Usurping the insurer’s
claim-handling role
Most insurance companies discourage policyholders from
playing the role of claims adjuster. Part of the
adjuster’s role is to determine legal liability.
Insurers resist policyholders substituting their
judgment for the judgment of the carrier’s own claim
staff. This is more than a philosophical preference.
The CONDITIONS section of your insurance policy spells
out your duties in the event of a claim. Breaching a
Condition may negate the ability to receive an insurance
policy’s financial protection. For example, many
liability policies contain a condition that discourages
the insured from making any commitment to pay without
the insurer’s consent. Common in insurance policies is
language along the following lines:
No insured shall,
without our consent, make any offer or payment, except
for first aid.
An insurance company worries
that its rights to defend a medical malpractice claim
could be prejudiced. If a physician apologizes to a
patient and in effect concedes liability, an insurance
company may argue that this hampers its ability to fully
defend a claim. This relates to the next reason for
insurer concerns.
Potential prejudice to
the insurer’s claim resolution efforts
Even if state laws bar such
apologies from being admitted as evidence of liability,
the insurance company can argue that such an apology
creates an expectation of recovery in the mind of the
patient that may be very difficult to dislodge once the
insurer drills down deeper into the investigation and
defense of a case. Offering money – even a nominal
amount – to a patient is a bell that cannot be unrung.
Other pragmatic questions
abound when harmonizing apology programs with medical
malpractice insurance coverage:
-
Who determines whether an adverse
outcome is in fact a case of liability or not on the
part of the policyholder physician?
-
What happens in “gray area” cases
where negligence may exist on the healthcare
provider’s part but also contributory negligence on
the part of a noncompliant patient or an intervening
cause due to a malfunctioning medical device?

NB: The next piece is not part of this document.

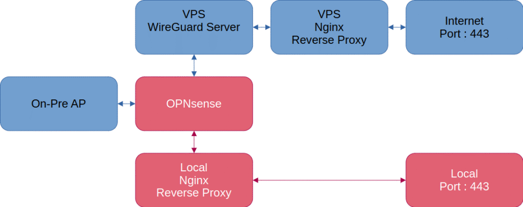 そこで本題。ローカル環境からは、 sagino-alchemia.org を VPS サーバーに向けず、ローカル内最短経路でルートしてしまおうという設定。今回は、ローカルサービスをまとめるために Nginx を Docker で構築。勿論、 OPNsense WAF を使わないなどあれば、フロントに BunkerWeb などを配置しても良さそう。

Liability questions in medical malpractice cases and
adverse events are rarely black and white. Nuances
and shades of gray abound. What to do in these
cases? Make a monetary offer? Offer an apology
even though liability is not clear-cut? Reserve
expressions of remorse only for the most clear-cut
cases of deviation from the standard of care?
-
If a physician makes a nominal
monetary offer to a patient or a patient's family,
who funds this -- the physician or the insurance
company?
-
If the patient or family accepts the
offer, does the physician insist on a duly executed
Release of all claims? Without a Release, the
family or patient may still be free to pursue a
broader claim to recover additional damages.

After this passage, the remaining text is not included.